196 research outputs found
HSV-replication defective based vector as vaccines against Rotavirus infections
Background: Rotaviruses (RVs) are the most important cause of acute gastroenteritis in humans and animals. These viruses cause diarrheal disease primarily in the young, but infection and disease in older children and adults can occur, resulting in more than 600 000 deaths per annum, mainly in developing countries.
RV particle is nonenveloped, with the viral genome of 11 segments of double-stranded RNA surrounded by three concentric protein layers: the outer layer is composed of VP (Viral Protein) 7 and VP4, the intermediate layer is formed by VP6, and the innermost layer is composed by VP2.
Studies of natural infection in children indicated that primary infections can protect against severe disease upon secondary infection. For these reasons the most frequent approach to Rotavirus vaccine design was based on the use of attenuated animal or human Rotavirus strains, orally delivered to mimic natural infection. However, several major drawbacks have affected the development and application of these live Rotavirus-based oral vaccines, including the withdrawal from market of one of these vaccines because of adverse effects (gut intussusception). Moreover Rotaviruses are constantly and rapidly evolving, due both to their segmented genomes and to the fact that their genes can reassort between strains coinfecting a same host, and this fact is an important threat to the rational of using live attenuated Rotavirus strains as vaccines, both because these strains can revert to more virulent phenotypes and because these vaccine strains are being released to the nature in the faeces of the inoculated person, raising a considerable ecological concern. It is therefore critical to develop alternatives to this classical approach, both to generate a deeper understanding and to explore the potential of novel vaccination strategies.

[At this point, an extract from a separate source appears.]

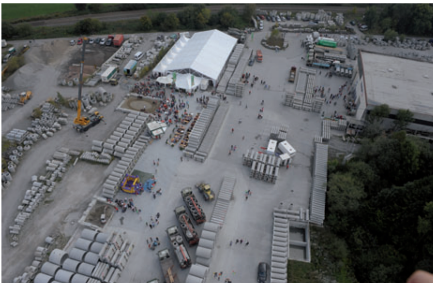
View of the production site of Hans Rinninger u. Sohn GmbH u. Co. KG in Kisslegg during the celebration to mark the 100 th anniversary of the company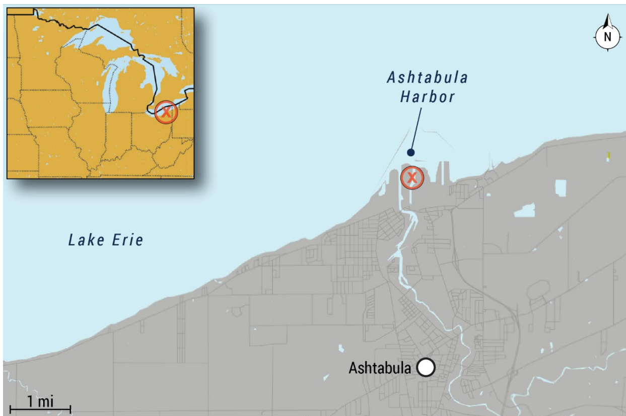
Figure 2. Area where the Cuyahoga caught fire, as indicated by a circled X.

Aim: the goal of this project is the production of a collection of plasmids and HSV-1-based vectors expressing Rotavirus antigens as tool for research on Rotaviruses and the development of innovative genetic vaccines to fight against Rotavirus, based on the use of replication-defective HSV-1 vectors.
Methods: the Rotavirus genes (vp7, vp4, vp6 and vp2) were subcloned first in basic plasmids (pcDNA Hygro 3.1+ or 3.1-, or in pBSSK) then in plasmids that have HSV specific loci sequences (pB41, pB5, pgJHE), where the Rotavirus cassettes were inserted between these Herpes sequences in order to recombine them into the viral genomes. Homologous recombinations have been carried out using standard calcium phosphate transfection.

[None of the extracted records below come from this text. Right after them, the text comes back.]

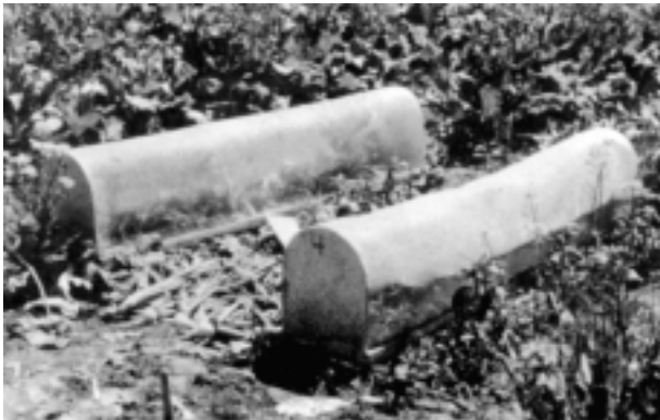
Screen cages keep female cabbage maggot flies from laying eggs near base of plants.

Maggots hatch from the eggs in three to seven days, then migrate through the soil and feed on underground plant parts. The maggots are cream to white in color and about 10 mm or \frac{3}{8} inch long when mature. The insect causes damage only during the maggot stage, which lasts from three to five weeks.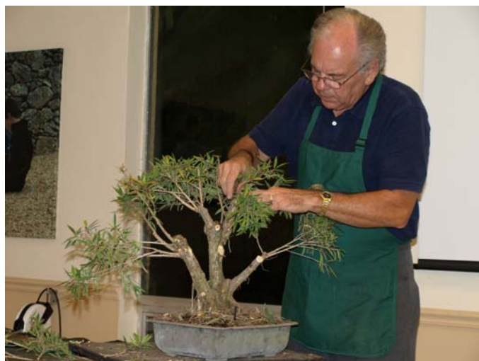
Now he begins to refine the branches.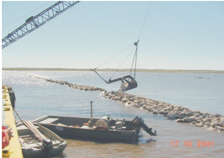
Rock being placed at Bayou Chevee.

For more project information, please contact: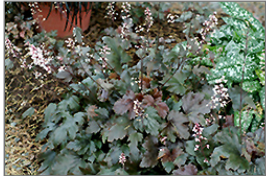
Chocolate Lace Foamy Bells in bloom

The recombinant backbones used (T0ZGFP, THZ and S0ZgJGFP) are replication-defective HSV-1 viral vectors that has low toxicity due to the deletion of one or more immediate early genes essential for viral replication; in addition they contain marker genes (gfp gene or lacZ gene) useful for the identification of the recombinant backbone which has integrated the transgene in its genome.

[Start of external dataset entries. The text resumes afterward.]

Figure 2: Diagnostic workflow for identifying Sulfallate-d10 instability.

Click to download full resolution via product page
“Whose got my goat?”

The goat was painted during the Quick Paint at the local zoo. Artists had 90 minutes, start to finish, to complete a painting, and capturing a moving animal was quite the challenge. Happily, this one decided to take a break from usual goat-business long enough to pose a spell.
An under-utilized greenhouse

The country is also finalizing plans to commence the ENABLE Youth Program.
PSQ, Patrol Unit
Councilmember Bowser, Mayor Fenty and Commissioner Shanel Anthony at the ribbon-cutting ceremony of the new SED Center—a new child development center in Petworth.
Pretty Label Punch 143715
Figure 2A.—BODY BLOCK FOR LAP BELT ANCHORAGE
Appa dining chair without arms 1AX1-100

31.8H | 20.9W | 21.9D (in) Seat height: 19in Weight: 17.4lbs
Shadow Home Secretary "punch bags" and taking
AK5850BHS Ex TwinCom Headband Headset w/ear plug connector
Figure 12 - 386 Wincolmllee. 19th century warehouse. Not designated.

Transfection and isolation of the recombinant viruses were performed in modified Vero cells (7b or E5), capable of providing the essential immediate early gene products in trans. The recombinant viruses containing the Rotavirus transgenes were identified by isolation of a clear plaque phenotype for GFP under the fluorescent microscope or after X-gal staining.
All the recombinant viruses have been purified by three rounds of limiting dilution and the presence of the transgenes was verified by Southern blot analysis. The protein expression was evaluated by immunofluorescence and Western blot techniques with specific mono/polyclonal antibodies.
Main results: a lot of plasmids containing Rotavirus genes of human, mice or simian origin and a large set of HSV-1-based vectors expressing Rotavirus proteins were constructed. The expression of VP6, VP2 and VP7 Rotavirus proteins (of murine or simian origin, under ICP0 promoter or HCMV promoter control, and in different loci of HSV genome) was visible in Western blot analysis. Moreover, nanotubes formed by VP6 protein were detected after immunofluorescence assays.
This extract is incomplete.